Strong back-foot play coupled with the art of picking length early puts him a step ahead of the new-ball bowlers and then the strong base. Additionally, his ability to hold shape while clearing the ropes, makes Gill a nightmare for bowlers in the middle phase of the game. To add to frustration of the opposition, the right-hander makes no major change in either half of his innings and it’s just the pinch of power to timing which helps him dish out a delicious recipe.
‘Dada’ player
Difference between a good, great and ‘dada’ (domineering) player is not how many runs they score, but the bowlers they keep in the firing line. On Friday, Gill first chose Mumbai Indians’ most successful bowler this season, Piyush Chawla, and launched him for two straight sixes and didn’t allow the spinner a chance to complete his quota overs.

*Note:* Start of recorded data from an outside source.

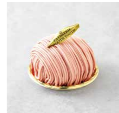
Fraise du Mont Blanc いちごのモンブラン 780 [858]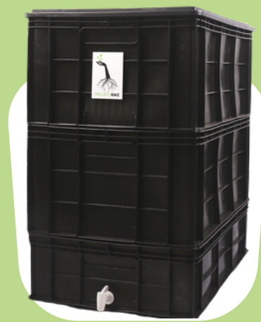
3 Kits Grandes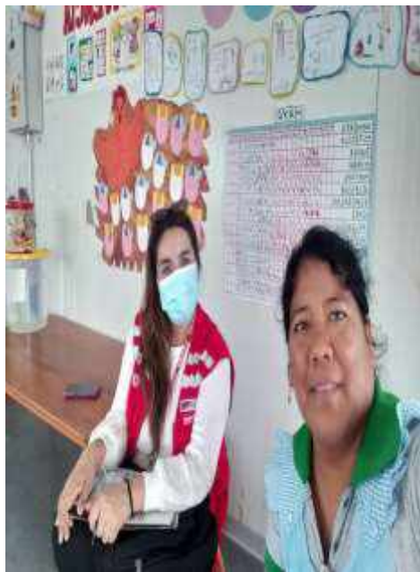
Asistencia técnica a la directora.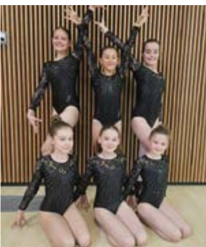
N6 (11/15 ans)

Le club cherche également un entraîneur qualifié afin de renforcer l'équipe d'encadrement.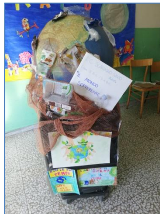
Classi Seconde B – C e Terze A - B – C Scuola “R. Scardigno”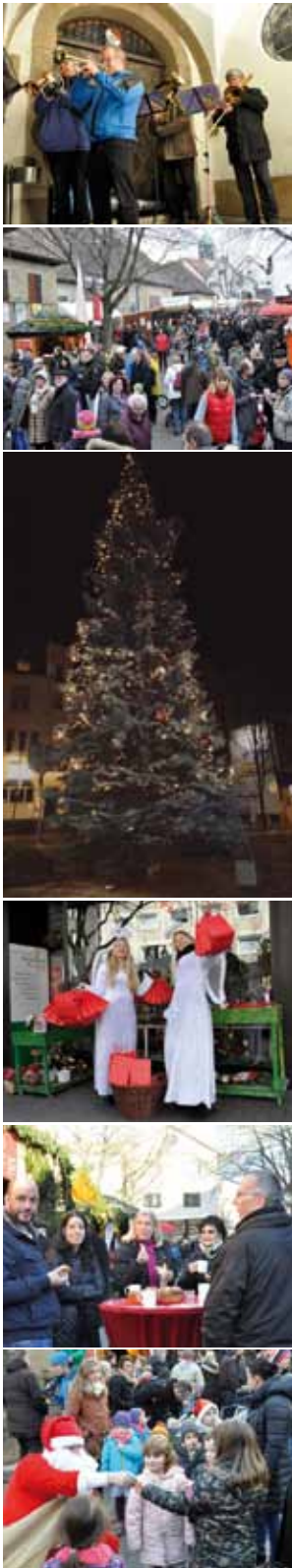
Impressionen von der „Feuerbacher Weihnacht 2015“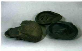
不良品として残されていた須恵器

あひわ 明和7年（1722）5月21日（陰暦）、現在の長谷小出ヶ谷地区において銅鐸 どうたつ 一口が発見され、掛川藩に届け出されました。掛川市教育委員会では、この日を記念して、市民の埋蔵文化財に対する理解と保護・保存しようとする意識の向上を願い、出土文化財展を開催しています。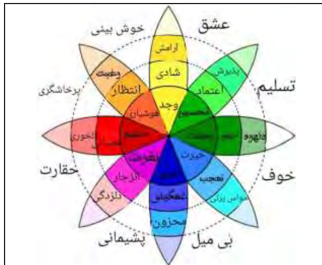
شکل ۱. چرخ هیجان از نظر پلوچیک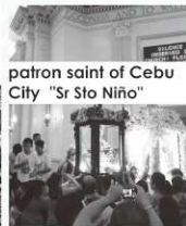
patron saint of Cebu City "Sr Sto Niño"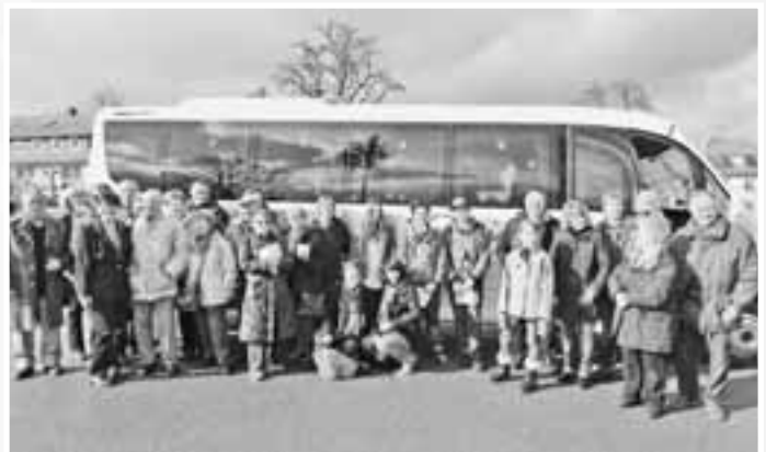
Die Delegation aus Ruoms vor deren Heimfahrt nach Ruoms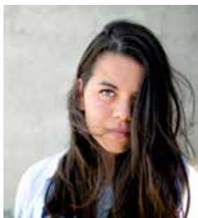
Elsa: Sexuell läggning.

Samtliga motivkategorier finns representerade i berättelserna: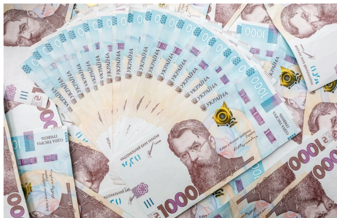
Пільги зі сплати митних платежів у травні склали 32,8 млрд грн

У травні 2026 року до державного бюджету надійшло 68,9 млрд грн митних платежів. Під час оформлення імпорту держава надала бізнесу та організаціям пільги на сплату мита на суму 32,8 млрд грн. Цей показник становить 47,6% від загальної суми коштів, які надійшли до бюджету від митниці.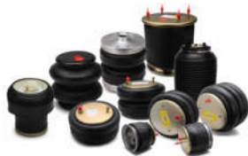
空气弹簧 2004年研发成功并投放市场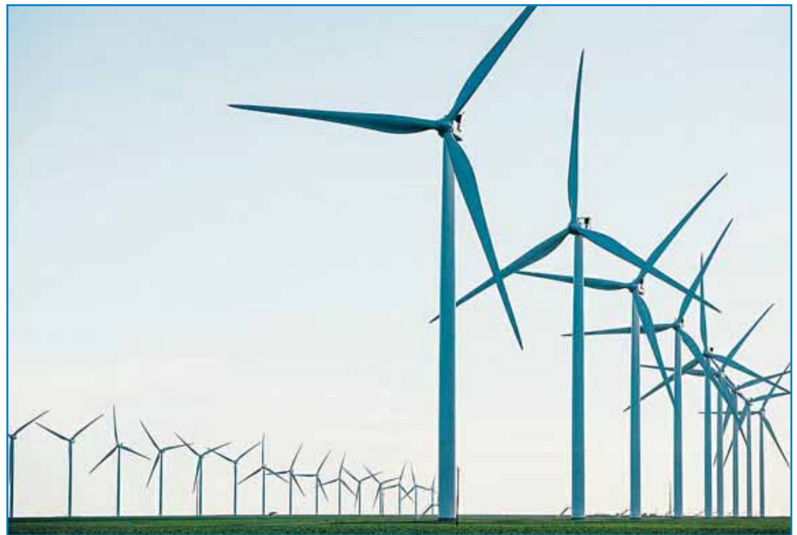
Las instalaciones eólicas constituyen la principal fuente de energía renovable.

Este verano han comenzado las obras para instalar contadores individuales en cada vivienda, lo que permitirá observar por medios telemáticos el comportamiento del consumo en comunidades y poder anticiparse a la demanda de los vecinos y mejorar la eficiencia del sistema de generación y distribución.

Next up was Akash Madwal – Mumbai’s most successful bowler in the Eliminator vs Chennai Super Kings and the seamer who dismissed Gill last time the two sides met at Wankhede.
Madhwal was pulled with disdain, flicked with class and outsmarted with authority. Inexperience on the bowler’s part was evident when he tried to bounce Gill out and instead served easy pickings to the 23-year-old.
Since 2018, his first IPL season, Gill had gone as high as 12 sixes in an edition – he averaged 9.4 sixes a season. On Friday, Gill hit 10 sixes in just one night and acted as a perfect muse for the photographers every time he launched them into the stands.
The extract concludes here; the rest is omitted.